On Tuesday, Pakistan’s central bank increased its benchmark policy rate by 100 basis points to a new record high of 21% as part of its efforts to curb the nation’s increasing inflation. This move was consistent with market forecasts.
“MPC (monetary policy committee) regards today’s decision, coupled with the cumulative monetary tightening so far, as adequate to anchor inflation expectations around its medium-term objective,” the State Bank of Pakistan (SBP) stated on its official Twitter account.
In March 2023, the inflation rate reached a record high of 35.4%. Experts predict that it will reach its high in April or May 2023, when it will be between 37% and 40%.
The market believes that the central bank raised the rate in response to the IMF’s advice to restart the $6.5 billion loan programme.
The central bank also stated in its monetary policy statement that, “amidst low foreign exchange reserves, ongoing debt repayments, and recent tightening in global financial conditions,” external account vulnerabilities persist despite a significant decrease in the current account deficit in recent months.
The committee identified three significant changes since the March MPC meeting that have had an impact on the macroeconomic outlook.

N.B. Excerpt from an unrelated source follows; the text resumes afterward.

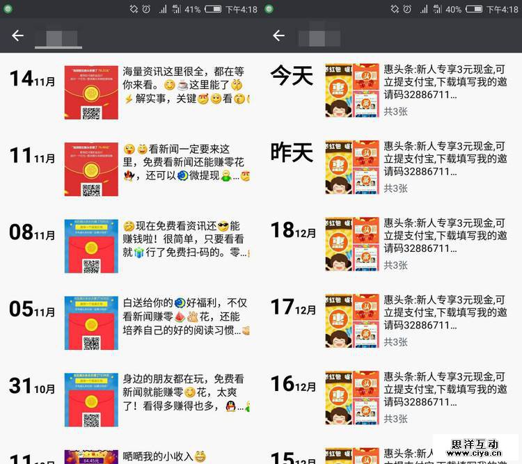 类似的收徒模式不止在趣头条一家使用,我的一个学妹向我展示了她母亲的朋友圈截图,其中左侧是在她母亲沉迷趣头条时的样子,而右侧则是她母亲下载了另一个叫惠头条 App 之后。

First, largely as a result of significant import restraint, the current account deficit has shrunk significantly, more so than initially projected. “Yet, with foreign exchange reserves staying at low levels, the overall balance of payments position continues to be under stress.”
Second, there has been a lot of work made in finishing the ninth review under the IMF’s Extended Fund Facility (EFF) programme.
Finally, the world’s liquidity and financial conditions have become much tighter as a result of recent pressures in the global banking system. The inability of developing market economies like Pakistan to access global capital markets has increased as a result of this.
The MPC emphasizes that today’s decision, combined with earlier cumulative monetary tightening, will help attain the medium-term inflation objective over the next eight quarters and that it believes the current monetary policy stance is appropriate. The committee did caution that there are dangers to this evaluation due to the global financial conditions and the domestic political climate.
The current account deficit in February 2023 was only $74 million, and the total deficit from July to February of FY23 is currently $3.9 billion, or roughly 68% less than the same period last year.